TASK DIRECTIONS
Without any pictures, print the lines below from the one that has "道指涨30.55点,或0.0" through the one that has "07:27古道9K處,前方古道可能有舊崩塌地封閉,跟隨古道指標取左高繞。", exactly and nothing else.

EXTRACTED INFORMATION

>>>>

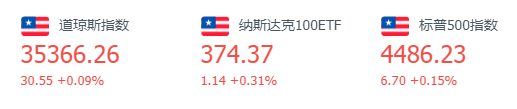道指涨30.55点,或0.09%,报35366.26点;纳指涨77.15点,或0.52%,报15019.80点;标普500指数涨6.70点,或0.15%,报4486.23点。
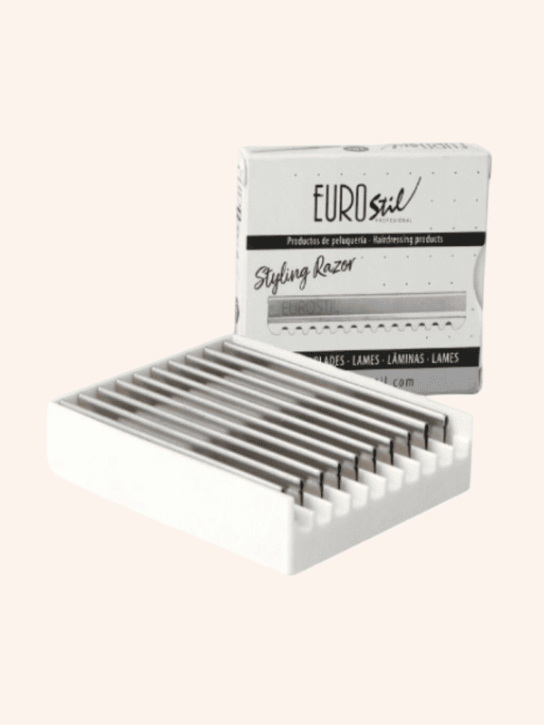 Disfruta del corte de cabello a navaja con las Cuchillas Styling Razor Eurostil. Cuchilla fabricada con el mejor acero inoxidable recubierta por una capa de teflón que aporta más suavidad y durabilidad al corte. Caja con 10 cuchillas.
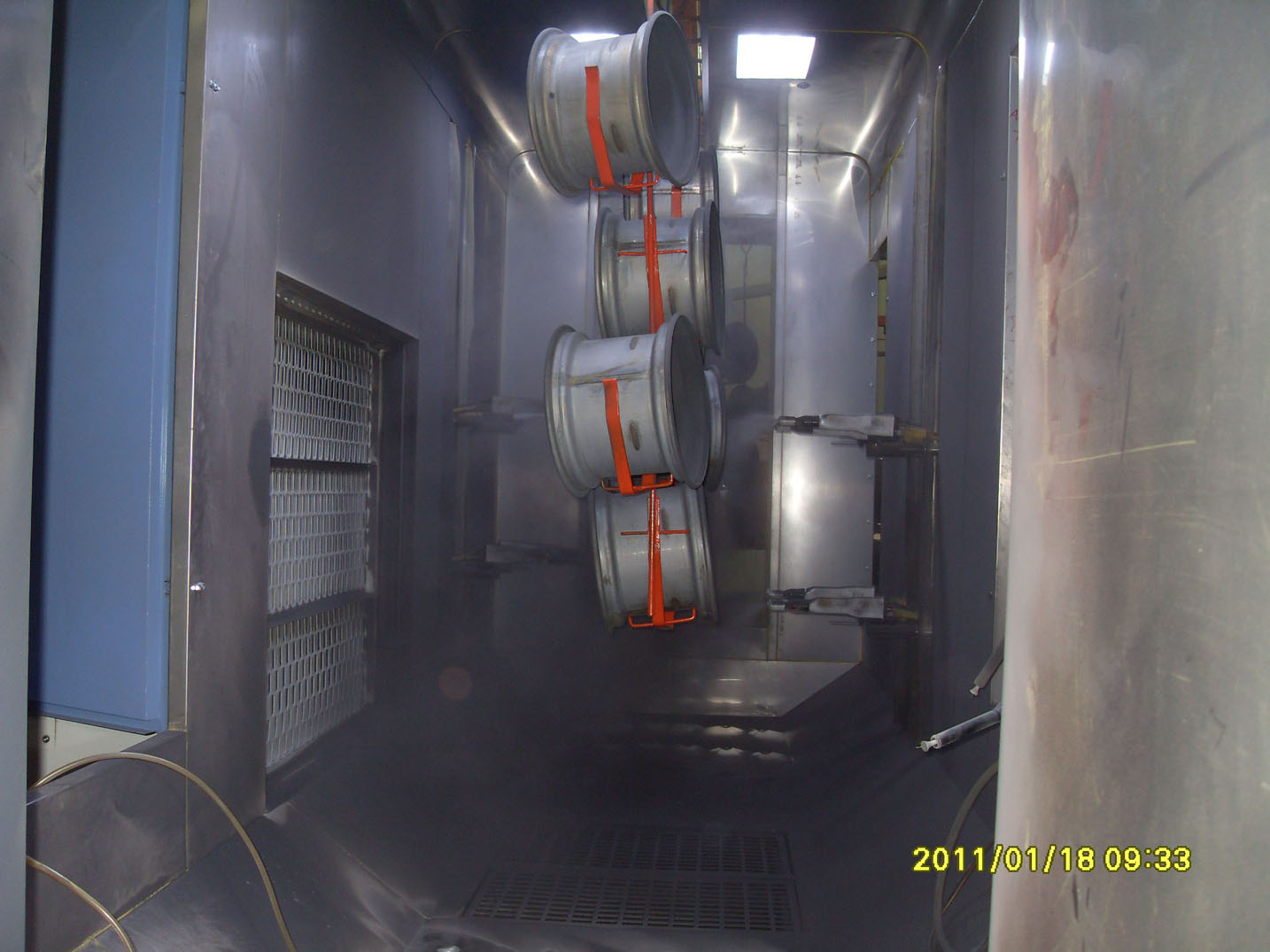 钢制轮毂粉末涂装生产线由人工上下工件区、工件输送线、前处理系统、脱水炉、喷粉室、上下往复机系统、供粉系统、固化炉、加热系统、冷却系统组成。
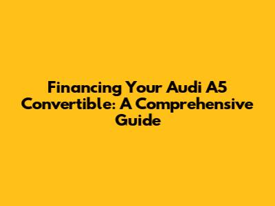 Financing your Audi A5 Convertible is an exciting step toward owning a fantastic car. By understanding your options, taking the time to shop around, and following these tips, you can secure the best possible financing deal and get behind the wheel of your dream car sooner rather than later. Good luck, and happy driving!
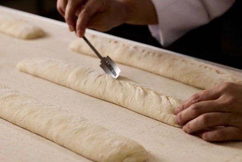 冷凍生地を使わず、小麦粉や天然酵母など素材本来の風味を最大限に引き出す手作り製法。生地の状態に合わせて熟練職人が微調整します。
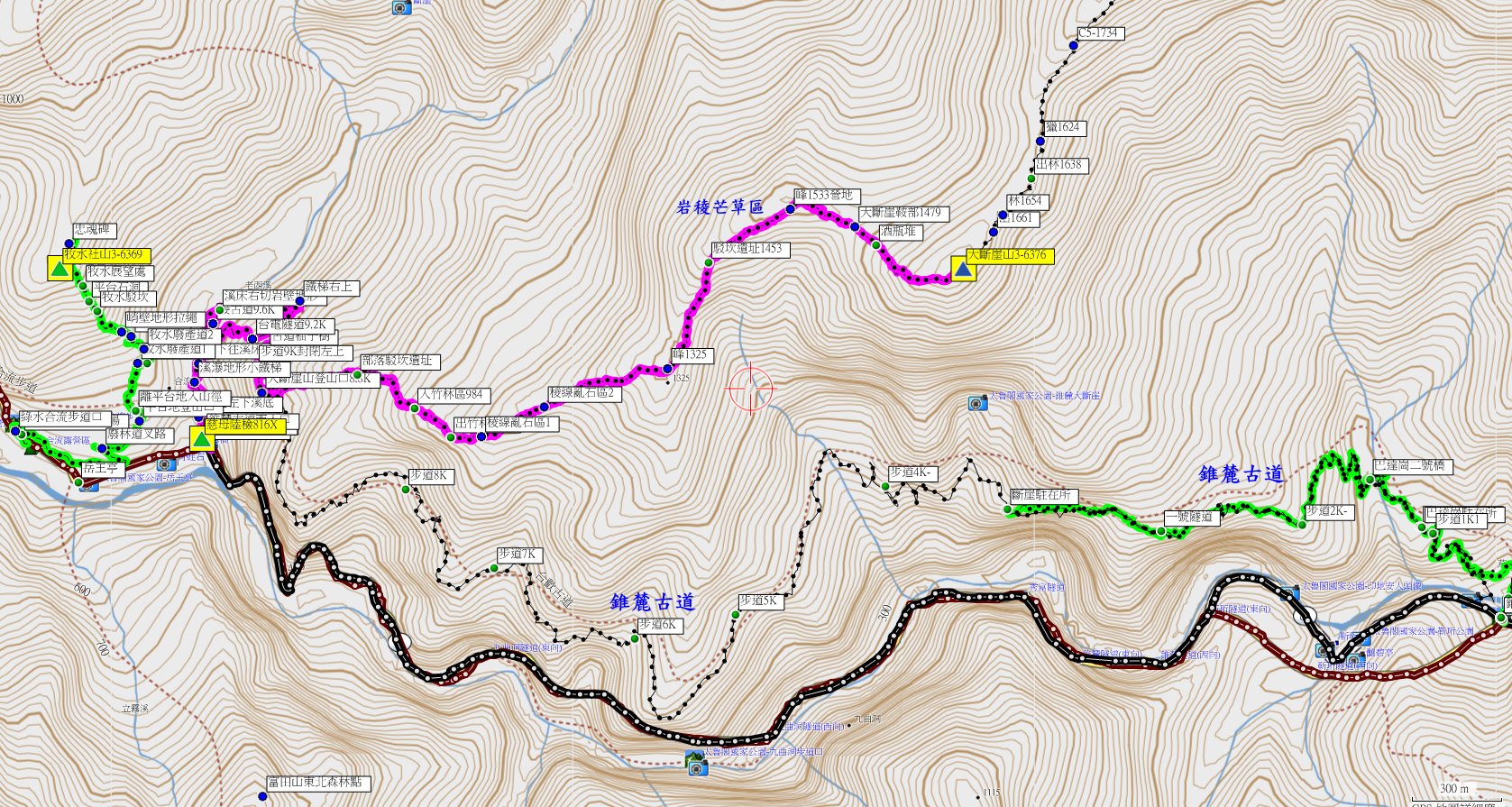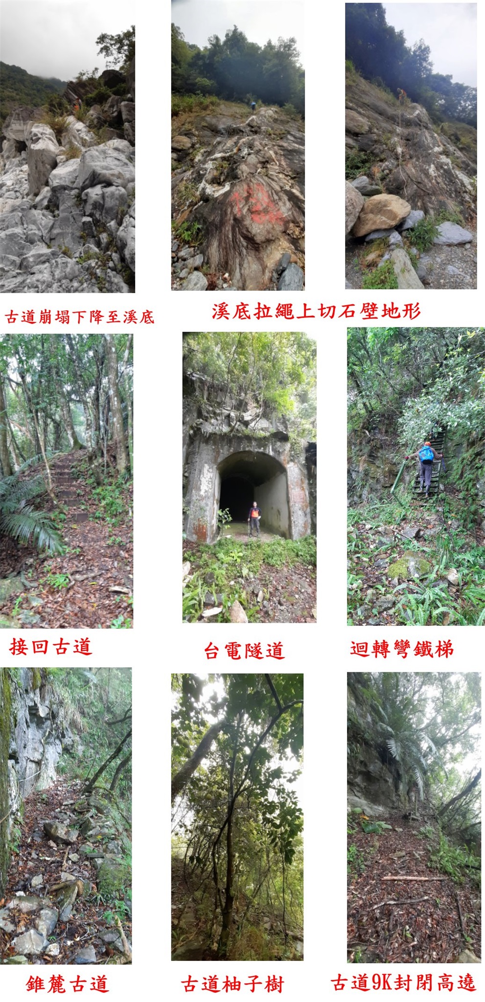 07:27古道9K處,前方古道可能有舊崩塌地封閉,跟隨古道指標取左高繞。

<<<<
>>>>

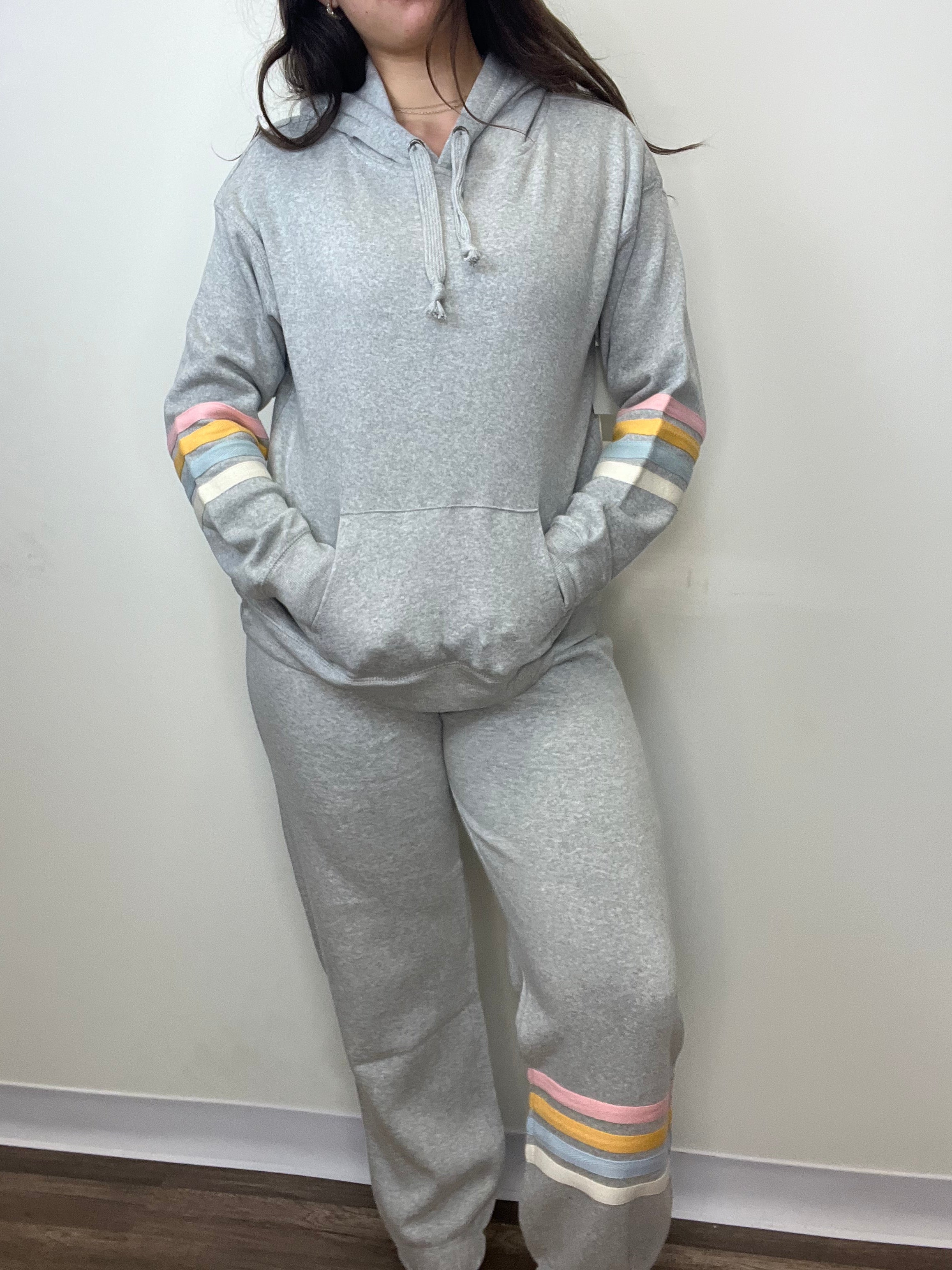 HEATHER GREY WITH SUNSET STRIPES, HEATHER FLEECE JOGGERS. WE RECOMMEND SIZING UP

<<<<

RESPONSE BELOW
道指涨30.55点,或0.09%,报35366.26点;纳指涨77.15点,或0.52%,报15019.80点;标普500指数涨6.70点,或0.15%,报4486.23点。
 Disfruta del corte de cabello a navaja con las Cuchillas Styling Razor Eurostil. Cuchilla fabricada con el mejor acero inoxidable recubierta por una capa de teflón que aporta más suavidad y durabilidad al corte. Caja con 10 cuchillas.
 钢制轮毂粉末涂装生产线由人工上下工件区、工件输送线、前处理系统、脱水炉、喷粉室、上下往复机系统、供粉系统、固化炉、加热系统、冷却系统组成。
 Financing your Audi A5 Convertible is an exciting step toward owning a fantastic car. By understanding your options, taking the time to shop around, and following these tips, you can secure the best possible financing deal and get behind the wheel of your dream car sooner rather than later. Good luck, and happy driving!
 冷凍生地を使わず、小麦粉や天然酵母など素材本来の風味を最大限に引き出す手作り製法。生地の状態に合わせて熟練職人が微調整します。
 07:27古道9K處,前方古道可能有舊崩塌地封閉,跟隨古道指標取左高繞。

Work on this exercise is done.